[EXTRACTED DATA Boundary: Start]

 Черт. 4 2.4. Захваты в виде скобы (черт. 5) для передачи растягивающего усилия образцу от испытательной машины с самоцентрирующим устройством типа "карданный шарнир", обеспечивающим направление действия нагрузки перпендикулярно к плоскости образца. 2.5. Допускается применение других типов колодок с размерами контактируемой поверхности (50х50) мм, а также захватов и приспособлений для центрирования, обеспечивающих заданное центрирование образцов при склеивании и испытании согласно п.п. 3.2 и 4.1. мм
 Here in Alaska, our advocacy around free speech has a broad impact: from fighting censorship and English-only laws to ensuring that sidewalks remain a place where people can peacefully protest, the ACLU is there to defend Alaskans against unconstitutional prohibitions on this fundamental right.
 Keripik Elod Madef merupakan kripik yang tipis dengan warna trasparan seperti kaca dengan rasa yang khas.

[EXTRACTED DATA Boundary: End]
[EXTRACTED DATA Boundary: Start]

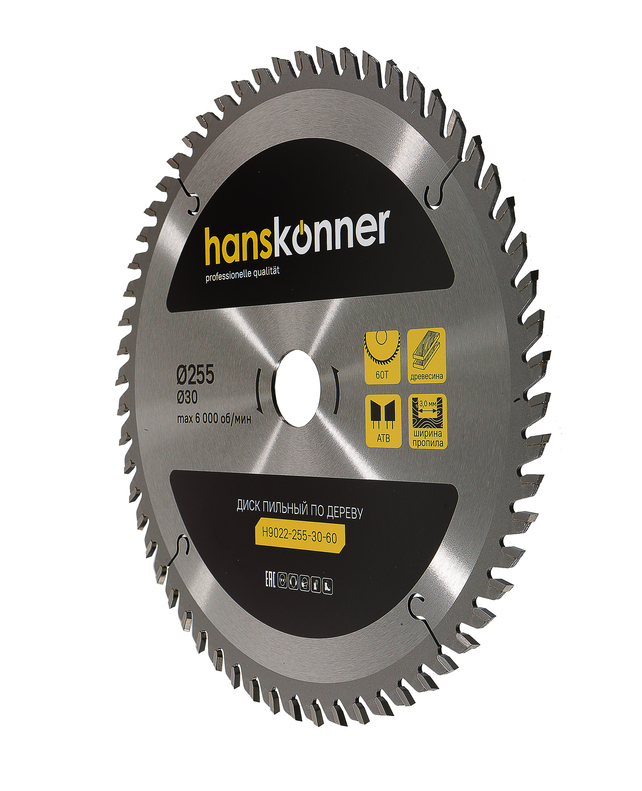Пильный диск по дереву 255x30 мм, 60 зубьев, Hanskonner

[EXTRACTED DATA Boundary: End]
[EXTRACTED DATA Boundary: Start]

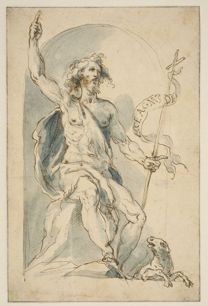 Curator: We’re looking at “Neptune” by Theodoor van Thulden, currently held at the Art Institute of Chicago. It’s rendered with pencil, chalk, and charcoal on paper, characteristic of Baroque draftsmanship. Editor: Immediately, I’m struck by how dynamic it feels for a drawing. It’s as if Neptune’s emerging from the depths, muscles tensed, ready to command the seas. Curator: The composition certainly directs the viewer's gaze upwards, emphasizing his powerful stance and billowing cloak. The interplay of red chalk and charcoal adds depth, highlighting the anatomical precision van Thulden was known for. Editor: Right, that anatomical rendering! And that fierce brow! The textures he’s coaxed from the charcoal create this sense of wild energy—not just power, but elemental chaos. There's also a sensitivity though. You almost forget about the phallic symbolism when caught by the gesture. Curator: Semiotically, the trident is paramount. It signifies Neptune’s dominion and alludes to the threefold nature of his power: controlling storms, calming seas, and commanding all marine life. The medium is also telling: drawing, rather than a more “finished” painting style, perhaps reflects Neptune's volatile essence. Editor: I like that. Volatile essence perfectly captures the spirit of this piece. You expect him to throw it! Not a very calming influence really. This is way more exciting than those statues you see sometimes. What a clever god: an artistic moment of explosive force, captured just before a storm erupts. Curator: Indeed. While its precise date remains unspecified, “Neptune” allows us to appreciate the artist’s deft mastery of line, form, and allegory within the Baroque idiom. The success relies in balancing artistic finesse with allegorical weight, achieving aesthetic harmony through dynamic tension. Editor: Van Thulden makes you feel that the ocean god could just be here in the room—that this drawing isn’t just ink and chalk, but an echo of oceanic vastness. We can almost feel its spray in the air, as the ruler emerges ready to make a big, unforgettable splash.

[EXTRACTED DATA Boundary: End]

» EXERCISE PROMPT: There is a line with "Черт. 4 2.4." and a line with "Keripik Elod Madef" above. Copy exactly those two lines and all lines between them, with nothing else.

» TASK SOLUTION:
 Черт. 4 2.4. Захваты в виде скобы (черт. 5) для передачи растягивающего усилия образцу от испытательной машины с самоцентрирующим устройством типа "карданный шарнир", обеспечивающим направление действия нагрузки перпендикулярно к плоскости образца. 2.5. Допускается применение других типов колодок с размерами контактируемой поверхности (50х50) мм, а также захватов и приспособлений для центрирования, обеспечивающих заданное центрирование образцов при склеивании и испытании согласно п.п. 3.2 и 4.1. мм
 Here in Alaska, our advocacy around free speech has a broad impact: from fighting censorship and English-only laws to ensuring that sidewalks remain a place where people can peacefully protest, the ACLU is there to defend Alaskans against unconstitutional prohibitions on this fundamental right.
 Keripik Elod Madef merupakan kripik yang tipis dengan warna trasparan seperti kaca dengan rasa yang khas.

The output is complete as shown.